You are probably reeling again from the chasm of misunderstanding that exists here. I can see you are thoughtful people who look for reason behind discord. You have gone off on what I call tangents because you genuinely believe you are making a useful contribution to this subject. I myself intended a more down-to-earth, less spiritual discourse about whether shared experiences help or hinder the healing process. None of us is necessarily right - I started this thread but I don't own it.

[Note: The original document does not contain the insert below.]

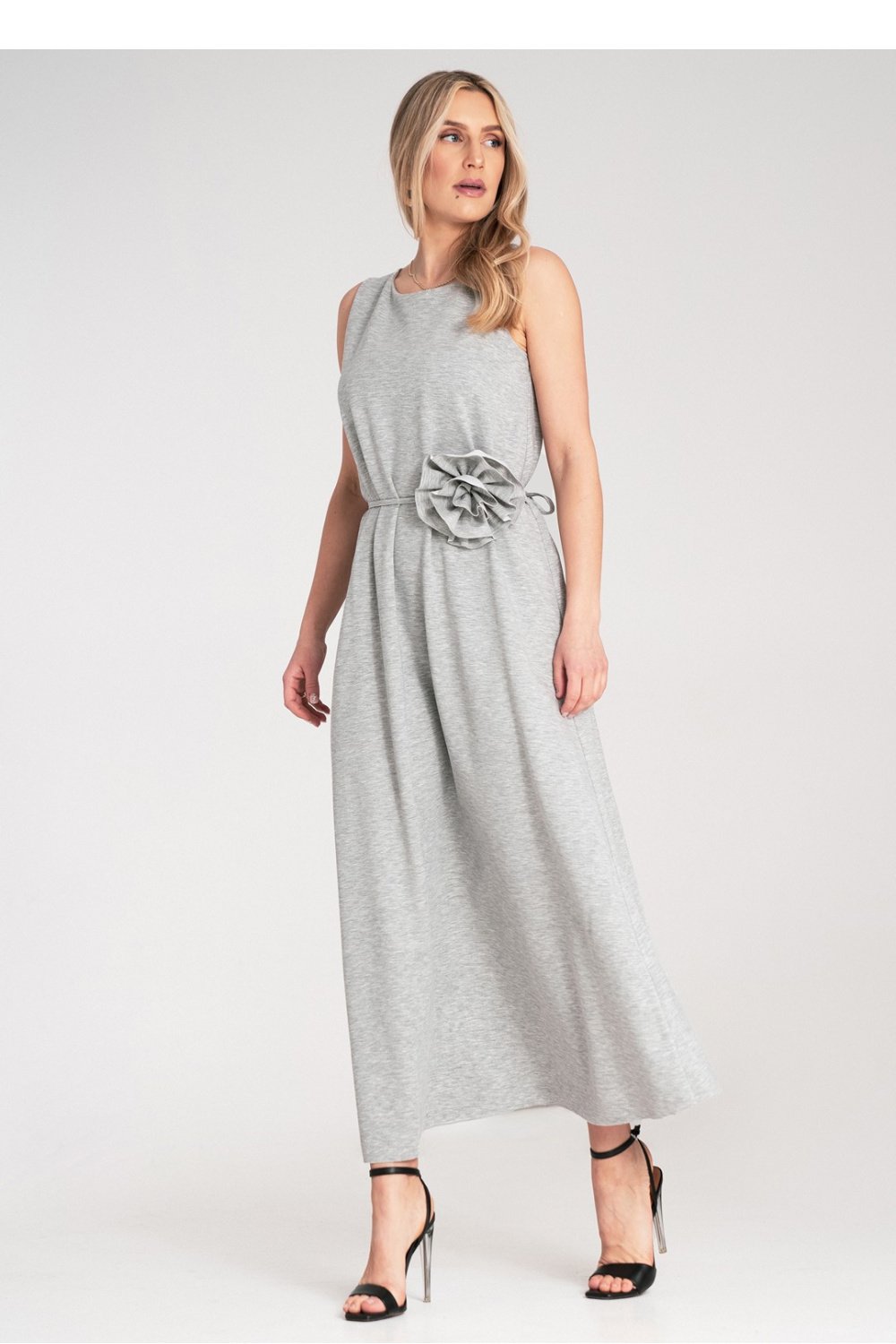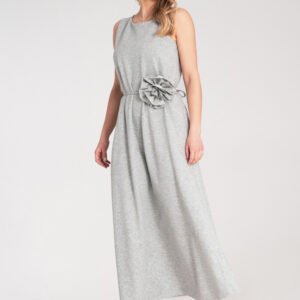 Sukienka maxi bez rękawów, z zaokrąglonym dekoltem oraz prostą górą. W talii cienki pasek z ozdobnym kwiatem z tej samej tkaniny. Dół luźny, lekko rozszerzany, wykonany z gładkiej, miękko układającej się dzianiny.
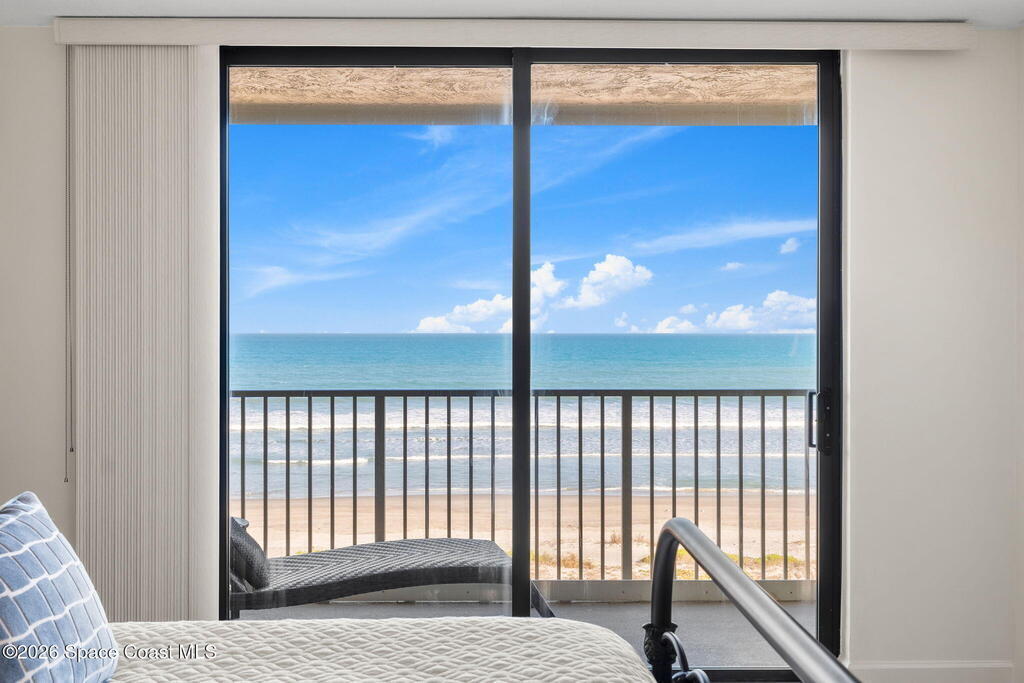 The Atlantic is your backyard in this direct oceanfront condo where wide, uncrowded beaches meet shimmering river sunsets from a vantage point high enough to savor both. Impeccably maintained & finished with wood-plank tile throughout, the interiors feel crisp & cohesive, elevated by pocket lighting, plantation shutters & automated blinds. Four-panel, floor-to-ceiling impact-rated sliders flood the living space with light & open to an extra-wide balcony designed for lingering mornings & golden-hour evenings, with additional shutters for peace of mind. The kitchen is a standout, outfitted with soft-close dovetailed cabinetry, roll-out trays & a full suite of Bosch stainless steel appliances including a convection oven, while the laundry room adds function with a utility sink.

Reading your posts and writing this reply reminds me of why I had decided not to engage in these kinds of conversations. I am not a spiritual person, I don't believe in God, I don't seek a fundamental meaning and purpose to life. I have no more spiritual a connection with the SES than a motor car colliding with a pedestrian.

You on the other hand see life on a more ethereal level. These conversations continue a philosophical journey that you temporarily took with the SES and wish to continue. I can't even begin to tune into your wavelength, and nor can you hope to tune into mine.

I return to my main question - whether this forum helps people get over their experiences. It does not seem to have helped me get over mine. The discussion has stirred up old angers and old memories that I didn't wish to bring to the boil again. What I had intended as a reflection on the old adage "A problem shared ..." has become something else, and made me angry and disappointed in the process.

For me, healing is about forgetting, not looking for reason in the unreasonable. For that reason I don't think I should participate in these worthy forums.

Meikl
Posts: 21
Joined: Wed Mar 24, 2004 7:20 pm

Postby Meikl » Thu Jul 22, 2004 8:19 pm

Hi Daffy,
I hope that doesn`t mean you`re going to disappear before I have chance to say this to you.
I absolutely did not mean to insult or belittle your pain and anger in any way at all. If I appeared to be flippant, it`s just my style, or lack of it. I was trying to illustrate the confusion I still feel with respect to the Philosophy, and the way in which this forum seems to be helping me to get my ideas straight.

You said - "These conversations continue a philosophical journey that you temporarily took with the SES and wish to continue". Thank you for that, it gives me one or two things to think about.

Whether you decide to leave this forum or not, please accept my good wishes for the future. I hope you find what you need.

Peace
Meikl

TB

Postby TB » Thu Jul 22, 2004 11:40 pm

Hallo Daffy,

I add my good wishes for your future to those from Meikl, if you decide to leave the forum. Although we do not have your insight of direct experiences at St James, there is a kinship and understanding on this forum regarding SES/SoP that you are unlikely to find elsewhere. Your last post gave the best impression who you are, and I related to much of what you said. Do not be fooled by high sounding language and smart quotations from myself and others, our day to day thoughts are probably similar to yours. Your response prompted some questions that I will not ask as you do not wish to continue here, but your postings stirred up people and made us think. Your analogy
I have no more spiritual a connection with the SES than a motor car colliding with a pedestrian
I will not forget in a hurry.

Good luck, you know where to find us.

Antises

Postby Antises » Fri Jul 23, 2004 5:40 pm

I express my greatest support for Daffy in his down-to-earth approach. The talk in this forum reminds me of the marvellous Postmodernist generator which churns out eloquent prose, complete with quotations, but means nothing. Yes, you may all understand what you're on about with your quotes, but to most other people it has little meaning. Many people may visit and attempt to understand this forum, and many will leave it due to the constant need for over-analysis when a general down-to-earth view would suffice.

TB

Postby TB » Fri Jul 30, 2004 10:37 am

I agree with Antises' view that quotations are overused, or used wrongly by many. Its much the same process when we apply labels to ideas and behaviour without fully understanding its meaning. Add flowery language, long wordy sentences and its no wonder we misunderstand each other and have endless debates.